Taking one for the team...ugh

Nurses General Nursing

Published

I work straight midnights on a medical floor. I took a vacation day Sunday night (that's not really important but I felt like mentioning it). On Monday and Tuesday nights, I had an okay assignment. Not too busy, no complete cares, nice people. Monday was rather hectic, though, because I was hanging blood and stuff but Tuesday was just fine. I knew Wednesday would be kind of busy, because one patient would be doing a bowel prep and another would be going for angiography in the morning, plus two patients would be discharged and who knew what kind of patients I would get.

Anyway, I had all this in mind as I walked onto my floor Wednesday night. I greeted one of the evening shift nurses, who says to me that she's sorry I'm following her. I laughed and said I shouldn't be following her because I've had this other assignment for two nights and I knew there were eight hour people in it so I shouldn't be bumped. She said she hoped she was wrong because it was a terrible assignment. Gosh, I hoped she was wrong also!

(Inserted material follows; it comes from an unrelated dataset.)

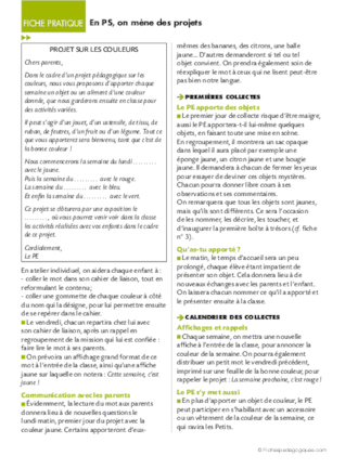 Ressource de pratiques artistiques et sciences et technologie et organisation pour le niveau PS dans les matières projet de classe et couleurs dans les sujets gestion des élèves, matériaux, objets, relation avec les parents et pratiques artistiques

I looked at the assignment sheet, and guess what...my friend was correct. The charge nurse was already on her way over to me because she knew I'd have a bit of a problem. She said, "look, you don't really want to know why I put you there, and if you were charge you would have done the same thing." (Let me add that I LOVE this charge nurse. She is a wonderful person, very helpful and thoughtful. One other time I grumbled about my assignment and she changed it for me so I could retain some of the same patients. So she's understanding and believes in continuity of care.)

I told her that I wanted to know the reason, and she explained that we had a pulled nurse from another floor, and she couldn't put her in the awful assignment because that district only has one nurse, unlike the other districts that have two. Okay, that made sense and was thoughtful but didn't explain why I had to be moved. There was another assignment available for that nurse. My charge nurse hesitated and then told me that the only other choice was to have "Reesa" in that assignment, and "we can't do that because she can't handle it. You can. I'm sorry." I couldn't help it, I started to cry out of frustration. I wasn't sobbing or anything, but tears were running down my face. I collected myself and took report.

The night wasn't so bad, and I felt that Reesa could have handled it. At least she should be able to...I'm not paid any more for having a harder assignment. The next night, I talked to the charge nurse again and explained that I felt I was being punished for being a stronger nurse and that's why I had been upset. She said to me, "so are you going to start slacking off? No, you know you're not." And she's right. I'm not going to start slacking off, but I am not encouraged to work hard if this is the recognition I get! I understand that a difficult assignment requires a stronger nurse but I think we all have to pull our own weight as well.

Ugh.

Sorry, had to get that off my chest.

How long is a nurse allowed to "not be able to handle it" before they are asked to leave? Is this common in the nursing field, having weak nurses who can't handle their job? Why aren't they fired?